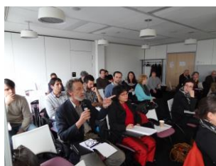
Salle de séminaire dans les locaux du CNRS
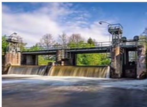
Προϋπολογισμός 77,7 εκ.€ Ενίσχυση Ε.Ε μέσω WBIF 16εκ.€ Αναμενόμενη ολοκλήρωση 2029

5. Εκσυγχρονισμός της Υδροηλεκτρικής Μονάδας Čarljina (Βοσνία και Ερζεγοβίνη), προκειμένου να επεκταθεί η διάρκεια παραγωγικής ζωής της κατά 15 έτη
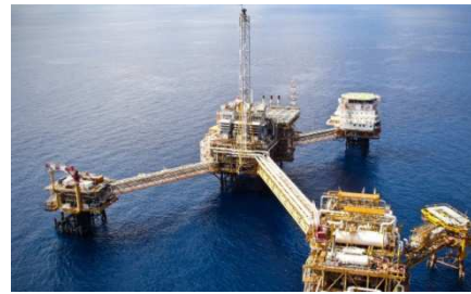
Εικόνα 6 Γεώτρηση ανεύρεσης πετρελαίου

Ο πόλεμος του πετρελαίου για το ποιος θα καταφέρει να ενισχύσει την θέση του στην ευρωπαϊκή αγορά μαίνεται. Η σύγκρουση προς
+===+
### Task to carry out
The required answer is each line of the data in which the word "πετρελαίου" appears.

### Result below
Εικόνα 6 Γεώτρηση ανεύρεσης πετρελαίου
Ο πόλεμος του πετρελαίου για το ποιος θα καταφέρει να ενισχύσει την θέση του στην ευρωπαϊκή αγορά μαίνεται. Η σύγκρουση προς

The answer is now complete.